What the task requires: Quote word for word from the line holding "Per donna Abito" to the last line below, including both, and omit any pictures.

Supplied material:
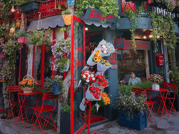 Bonjour Café The Art nằm trên đường Thảo Điền (Q.2) xứng đáng được xếp vào danh sách “phải ghé 1 lần” cho tất cả những ai lãng mạn, yêu thích thiên nhiên. Quán có tông màu đỏ rất nổi bật, hoa tươi tràn ngập khắp mọi nơi, khách có thể vừa uống cà phê vừa thỏa thích ngắm nhìn những bông hoa tươi thắm và thơm ngát.
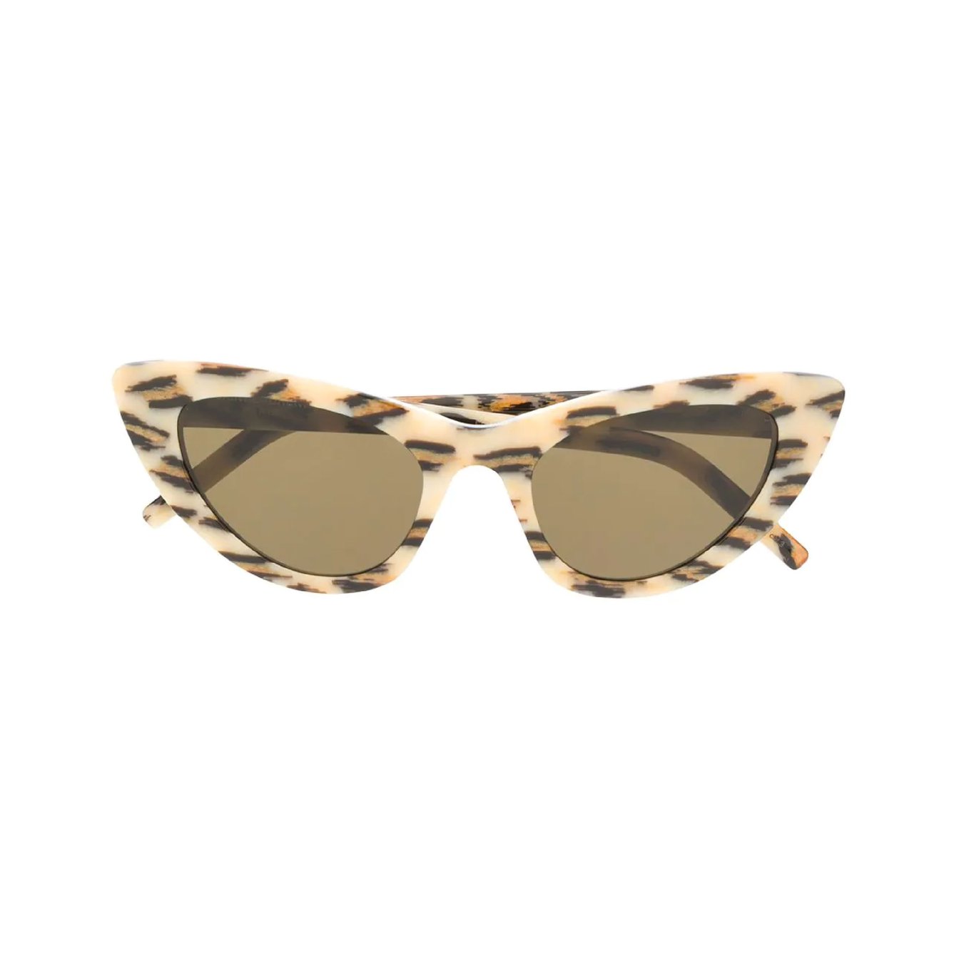 永遠の憧れ、キャットアイのサングラスはアニマルパターンとの相性抜群。主張が強くなりがちなレオパードも「サンローラン(SAINT LAUREN)」の手にかかればこんなに上品に。
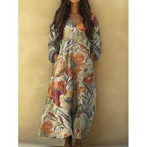 Per donna Abito Midi Abito a Tubino Casual Quotidiano Uscire Vestibilità comoda Floreale Grafico Manica Lunga Scollo a V Rosa Viola Verde Autunno Inverno
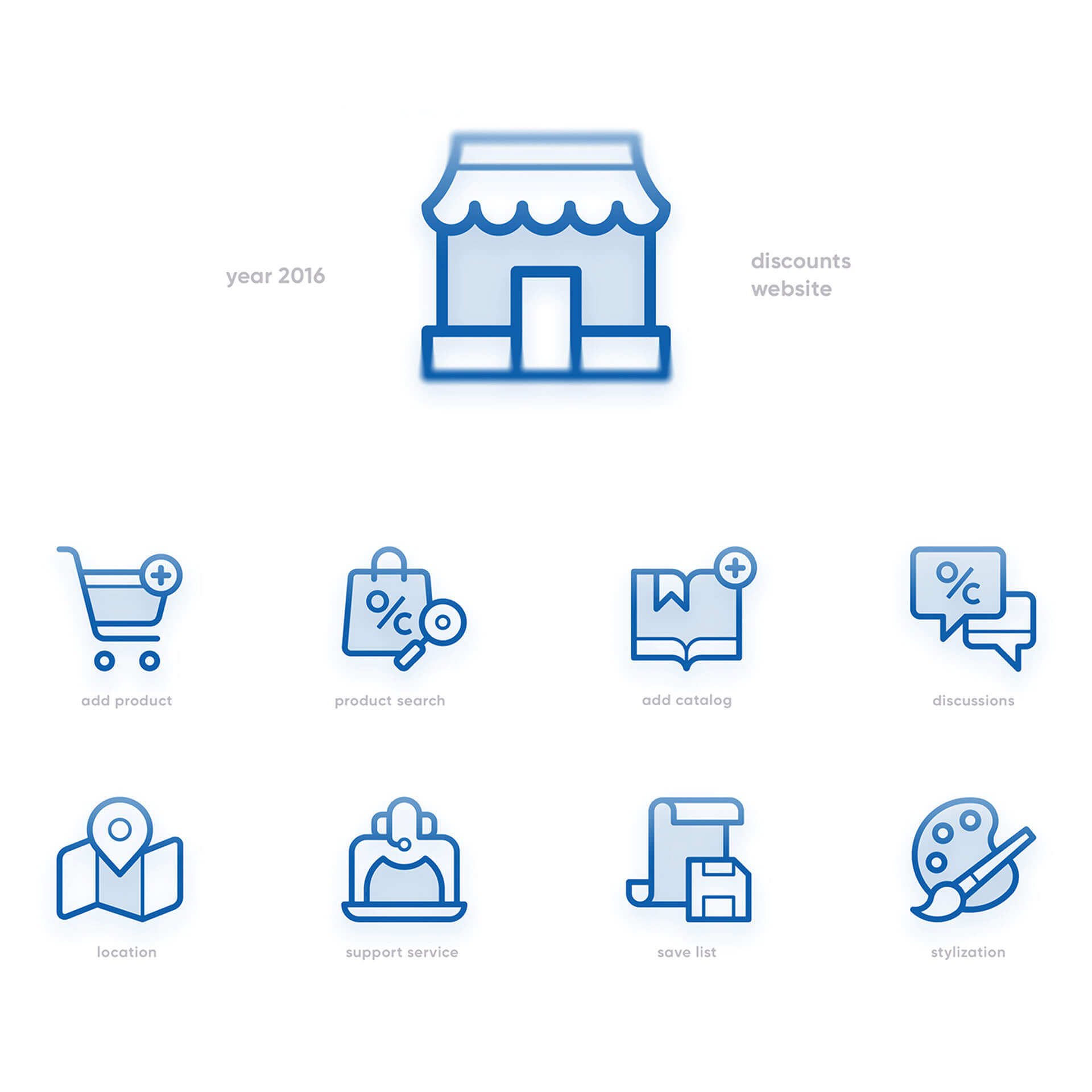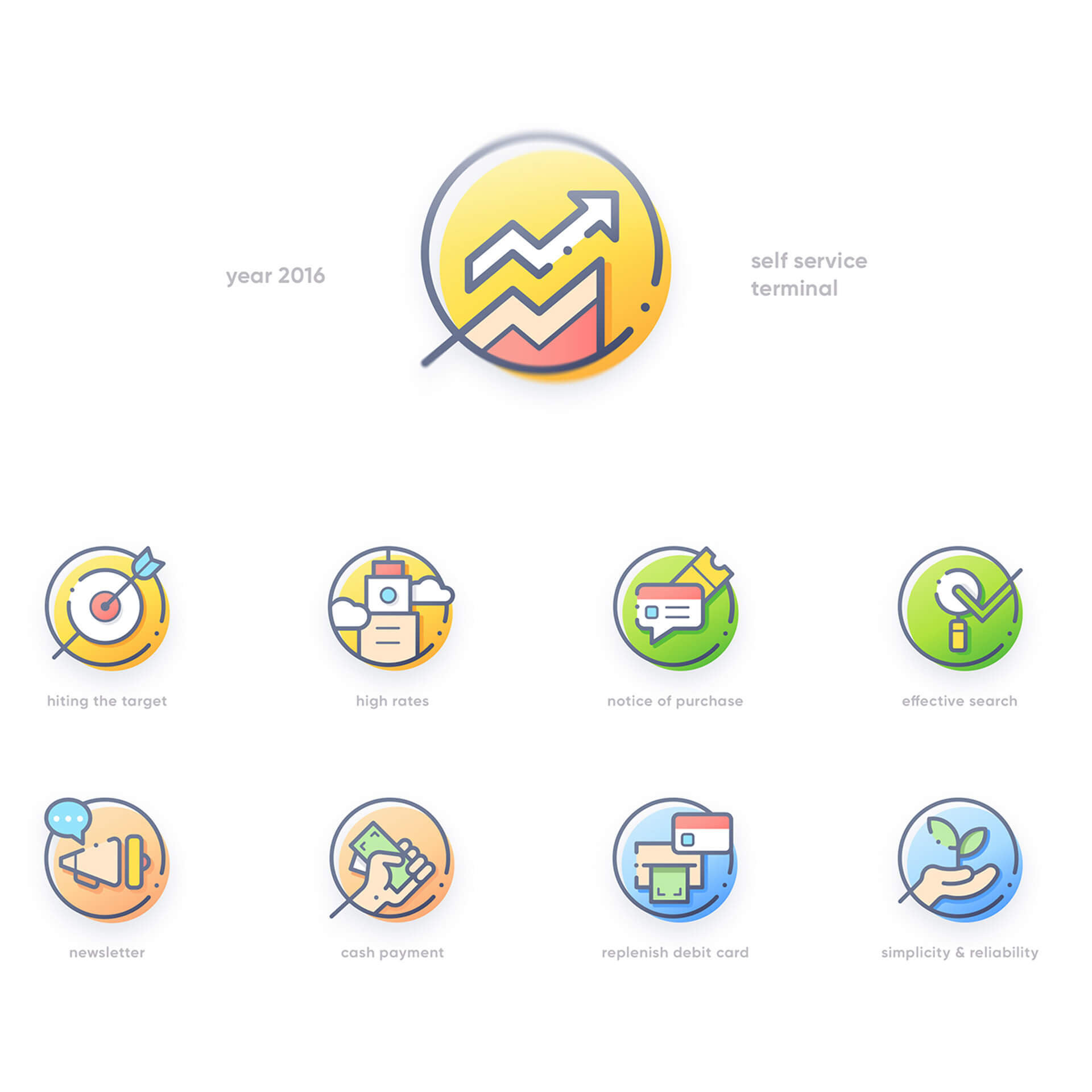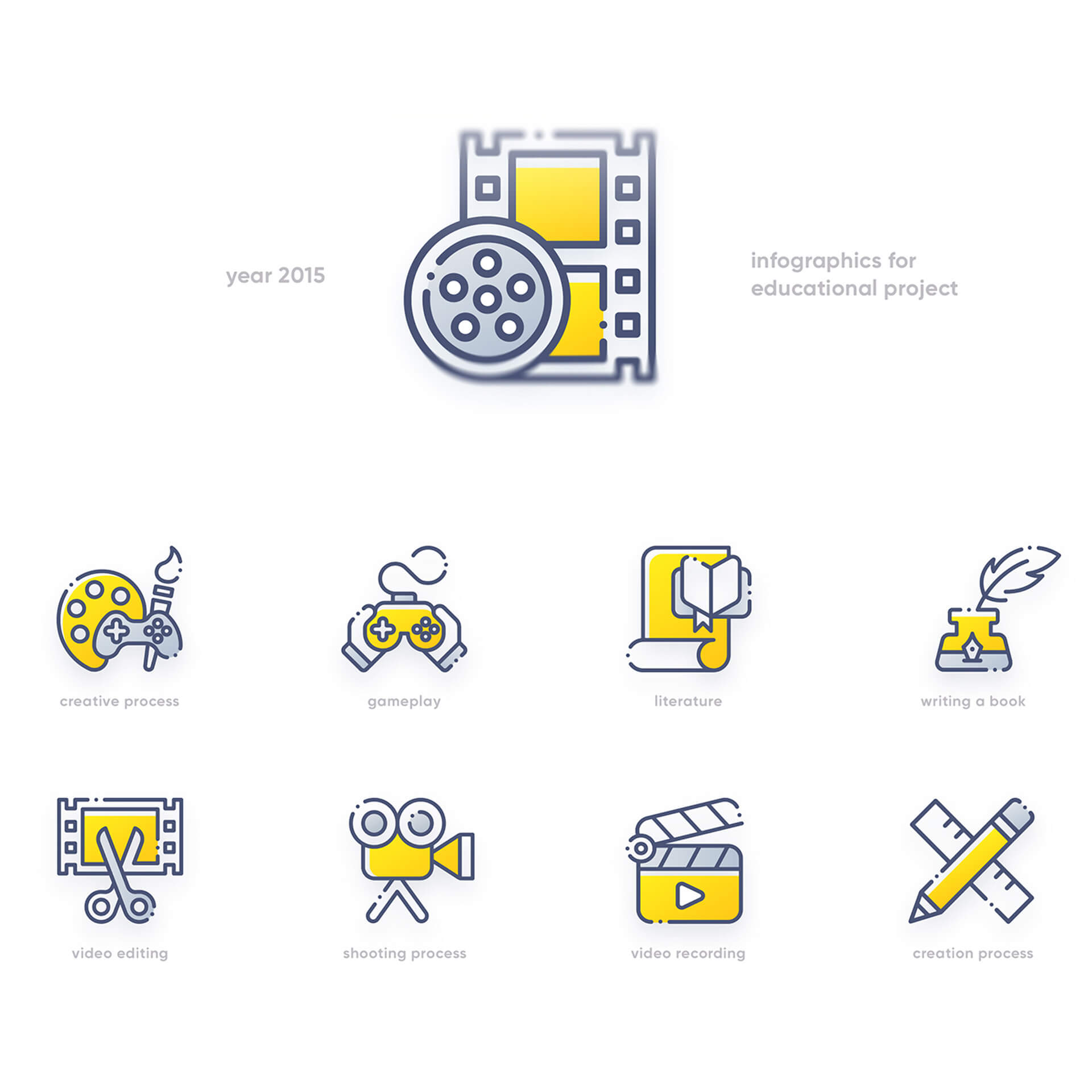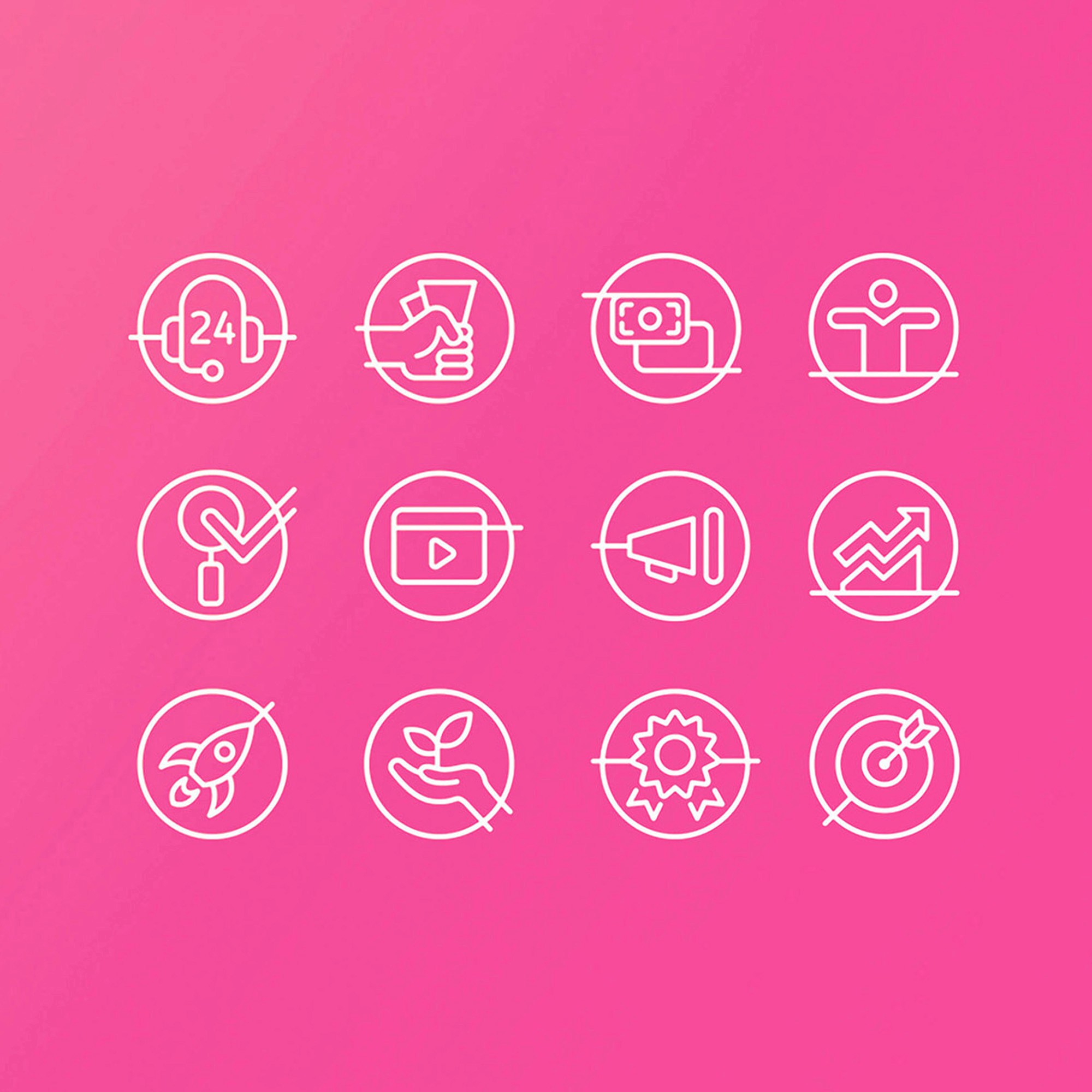 Selected icons created for websites, presentations and printed materials.

Solution for this exercise:
 Per donna Abito Midi Abito a Tubino Casual Quotidiano Uscire Vestibilità comoda Floreale Grafico Manica Lunga Scollo a V Rosa Viola Verde Autunno Inverno
 Selected icons created for websites, presentations and printed materials.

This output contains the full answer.